Bug 595862

Summary: [Broadcom 5.6 bug] cnic: Panic in cnic_iscsi_nl_msg_recv()
Product: Red Hat Enterprise Linux 5 Reporter: Michael Chan <mchan>
Component: kernelAssignee: Stanislaw Gruszka <sgruszka>
Status: CLOSED ERRATA QA Contact: Red Hat Kernel QE team <kernel-qe>
Severity: urgent Docs Contact:
Priority: urgent    
Version: 5.6CC: aaswath, agospoda, andriusb, apevec, benlu, coughlan, cward, dhoward, dyasny, edwardn, enarvaez, gideonn, jbroman, jpirko, mchristi, niran, vbian
Target Milestone: rcKeywords: OtherQA, ZStream
Target Release: 5.6   
Hardware: All   
OS: Linux   
Whiteboard:
Fixed In Version: Doc Type: Bug Fix
Doc Text:
Story Points: ---
Clone Of: 578005 Environment:
Last Closed: 2011-01-13 21:34:01 UTC Type: ---
Regression: --- Mount Type: ---
Documentation: --- CRM:
Verified Versions: Category: ---
oVirt Team: --- RHEL 7.3 requirements from Atomic Host:
Cloudforms Team: --- Target Upstream Version:
Embargoed:
Bug Depends On: 568606, 578005    
Bug Blocks: 615260    

Description Michael Chan 2010-05-25 19:29:33 UTC
This happens occasionally during heavy iscsi login/logout test.

Sometimes we receive a netlink message for a device that has been closed.  This upstream patch fixes the problem:

http://git.kernel.org/?p=linux/kernel/git/torvalds/linux-2.6.git;a=commit;h=d02a5e6c2fba8b114c44cf05085fca07180f37f1

Requesting 5.5.z inclusion.

Comment 1 Stanislaw Gruszka 2010-06-02 14:39:56 UTC
Brew build:
https://brewweb.devel.redhat.com/taskinfo?taskID=2484169
Publicly available packages:
http://people.redhat.com/sgruszka/rhel5/bz596862/

Comment 2 RHEL Program Management 2010-06-02 14:52:00 UTC
This request was evaluated by Red Hat Product Management for inclusion in a Red
Hat Enterprise Linux maintenance release.  Product Management has requested
further review of this request by Red Hat Engineering, for potential
inclusion in a Red Hat Enterprise Linux Update release for currently deployed
products.  This request is not yet committed for inclusion in an Update
release.

Comment 3 Jan Tluka 2010-06-08 13:07:56 UTC
Could you provide a panic message you are hitting?

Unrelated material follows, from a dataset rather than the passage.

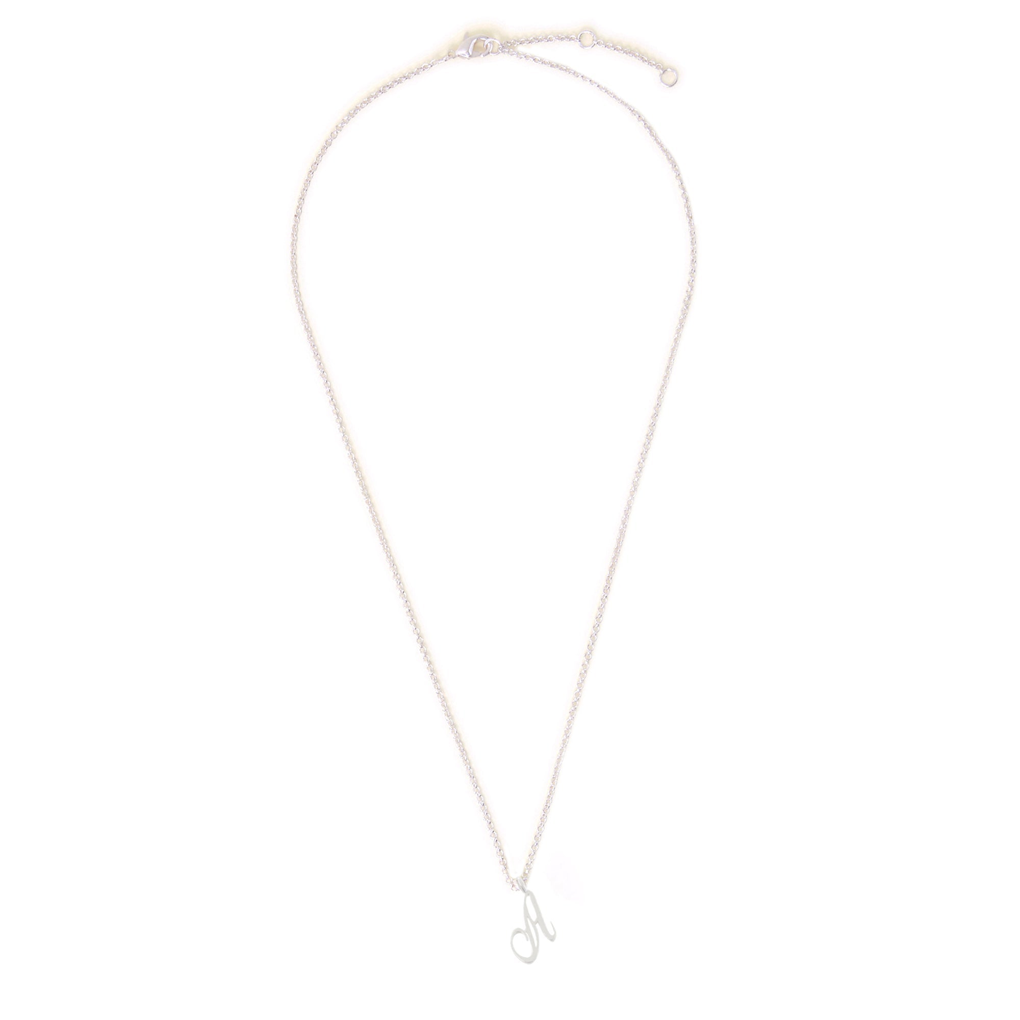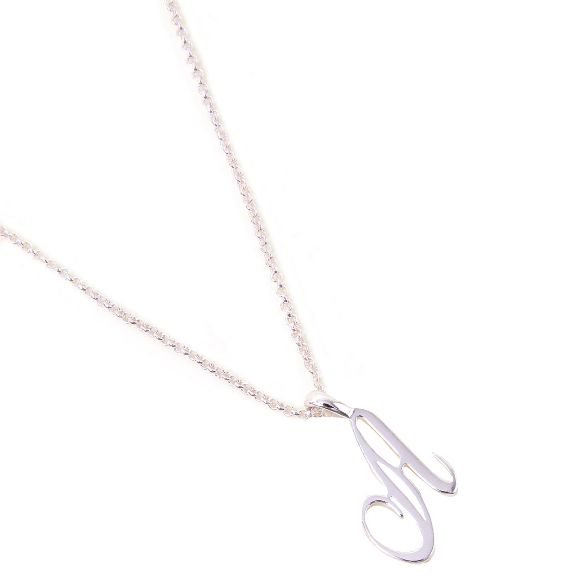 Personalise your necklace stack with this piece. Plated in sterling silver, it features a cursive initial pendant that sits pretty alongside a delicate chain.
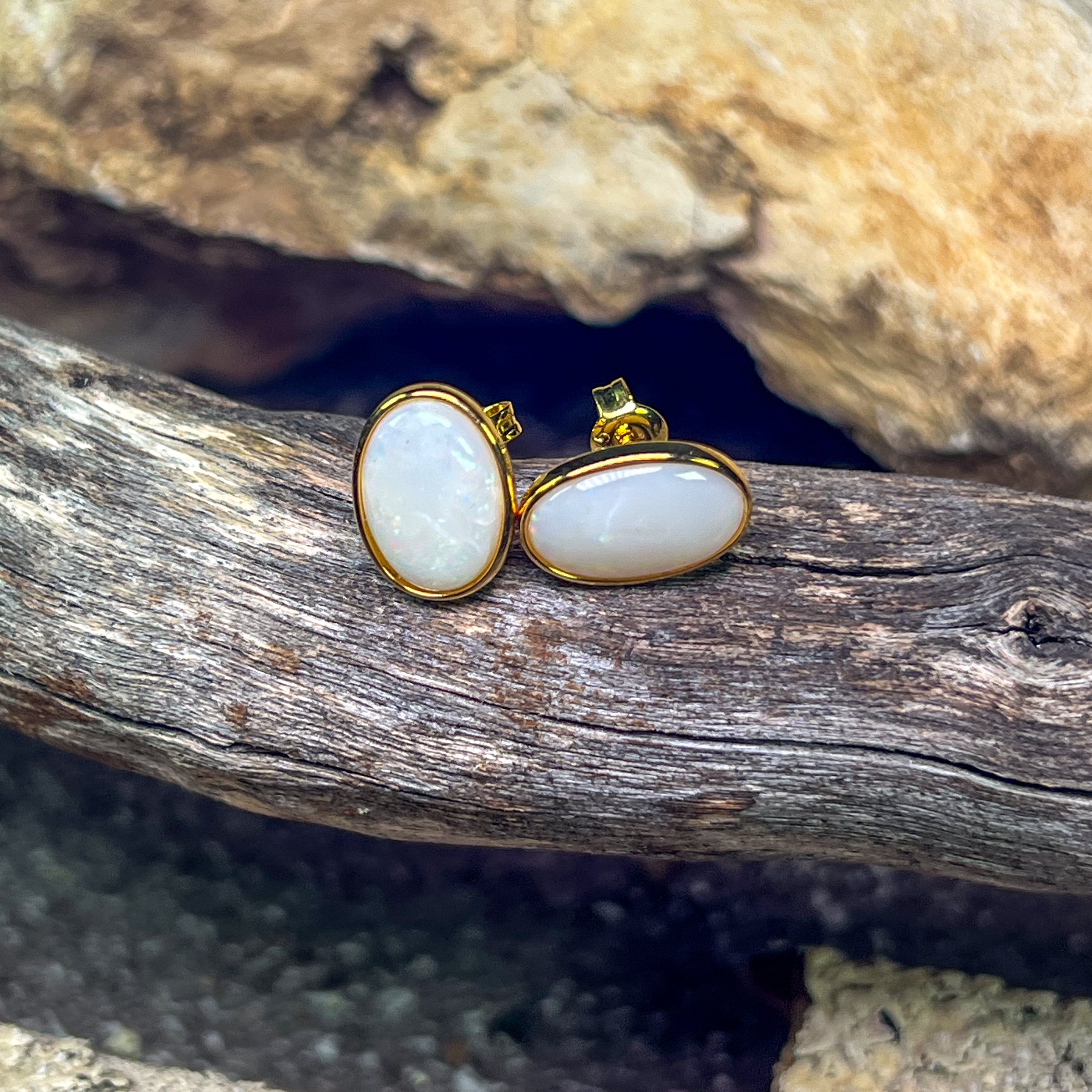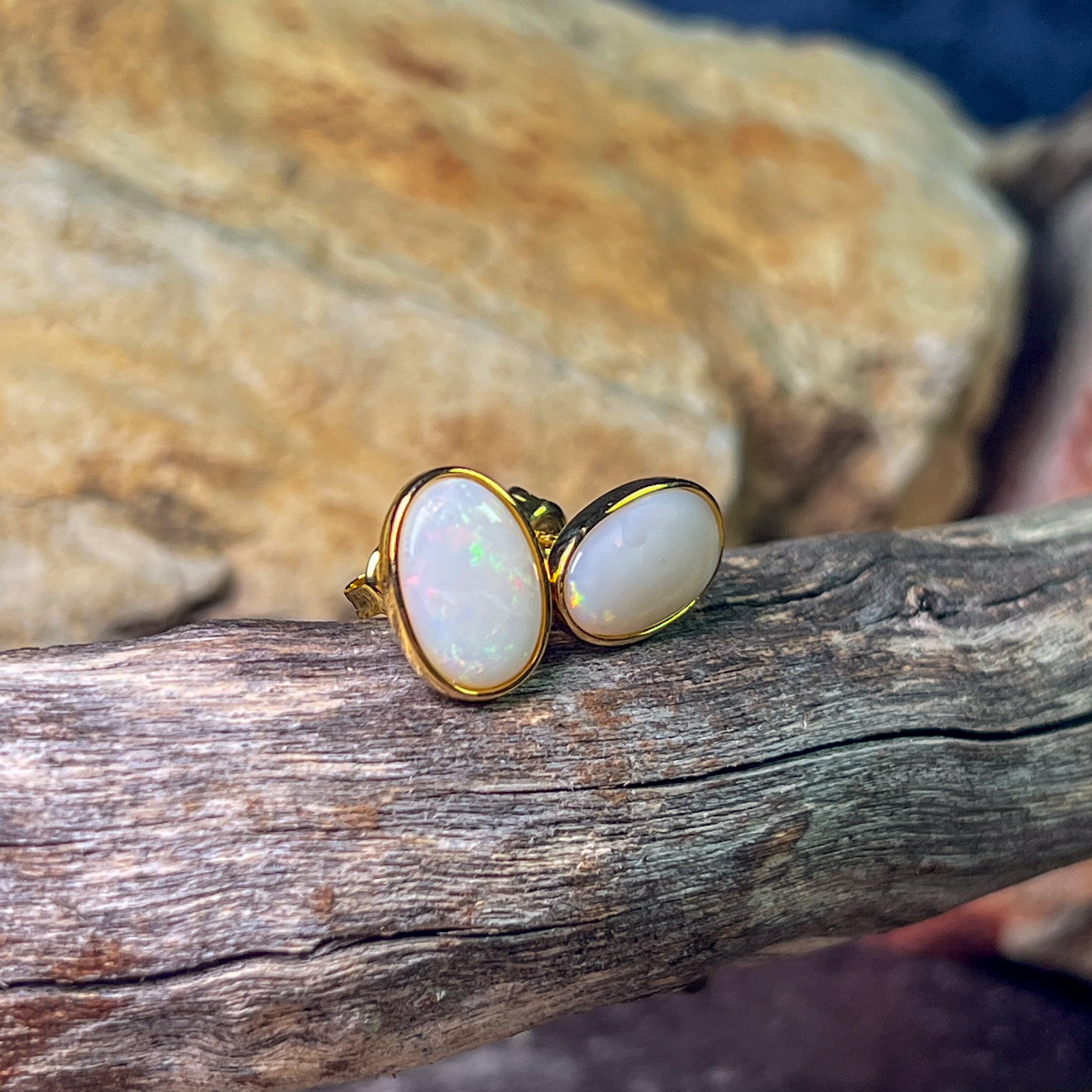 Elevate your style with these stunning Gold Plated Sterling Silver White Opal bezel set studs. The 13x8mm large oval design adds a touch of elegance and the opal's unique iridescence will catch anyone's eye. Treat yourself or someone special to these captivating studs and make a lasting impression.

Comment 4 Michael Chan 2010-06-08 16:15:54 UTC
crash> bt
PID: 5571 TASK: ffff8101af9f2100 CPU: 2 COMMAND: "brcm_iscsiuio"
#0 [ffff8101af22d7f0] crash_kexec at ffffffff800aeb6b
#1 [ffff8101af22d8b0] __die at ffffffff80066157
#2 [ffff8101af22d8f0] do_page_fault at ffffffff80067dd7
#3 [ffff8101af22d9e0] error_exit at ffffffff8005ede9
[exception RIP: cnic_iscsi_nl_msg_recv+65]
RIP: ffffffff8849914c RSP: ffff8101af22da98 RFLAGS: 00010206
RAX: 000000000000003f RBX: 0000000000003918 RCX: 0000000000000040
RDX: ffff81032fe7c8a8 RSI: 000000000000001e RDI: ffff81032fe7c800
RBP: ffff81032e196048 R8: ffff81032a006000 R9: 0000000000000088
R10: ffff81032ccc0c00 R11: 0000000000000000 R12: ffff81032e196010
R13: ffff8101af22ddd8 R14: ffffffff884b0e00 R15: 0000000000000000
ORIG_RAX: ffffffffffffffff CS: 0010 SS: 0018
#4 [ffff8101af22dad0] bnx2i_nl_set_path at ffffffff884a978f
#5 [ffff8101af22dae0] iscsi_if_rx at ffffffff883f6093
#6 [ffff8101af22db60] netlink_data_ready at ffffffff80245de1
#7 [ffff8101af22db70] netlink_sendskb at ffffffff80244f98
#8 [ffff8101af22db90] netlink_sendmsg at ffffffff80245dbc
#9 [ffff8101af22dc20] sock_sendmsg at ffffffff8005567d
#10 [ffff8101af22ddc0] sys_sendmsg at ffffffff8022704e
#11 [ffff8101af22df80] tracesys at ffffffff8005e28d (via system_call)
RIP: 00000038dcc0df2b RSP: 00007fff09f985b0 RFLAGS: 00000202
RAX: ffffffffffffffda RBX: ffffffff8005e28d RCX: ffffffffffffffff
RDX: 0000000000000000 RSI: 00007fff09f985e0 RDI: 0000000000000009
RBP: 000000000000001e R8: 0000000005dc0000 R9: 000000005e4110ac
R10: 0000000000000000 R11: 0000000000000202 R12: 00000000194bc2a0
R13: 0000000000000078 R14: 0000000000000088 R15: 0000000000000009
ORIG_RAX: 000000000000002e CS: 0033 SS: 002b

Comment 6 Jarod Wilson 2010-06-14 18:23:44 UTC
in kernel-2.6.18-203.el5
You can download this test kernel from http://people.redhat.com/jwilson/el5

Detailed testing feedback is always welcomed.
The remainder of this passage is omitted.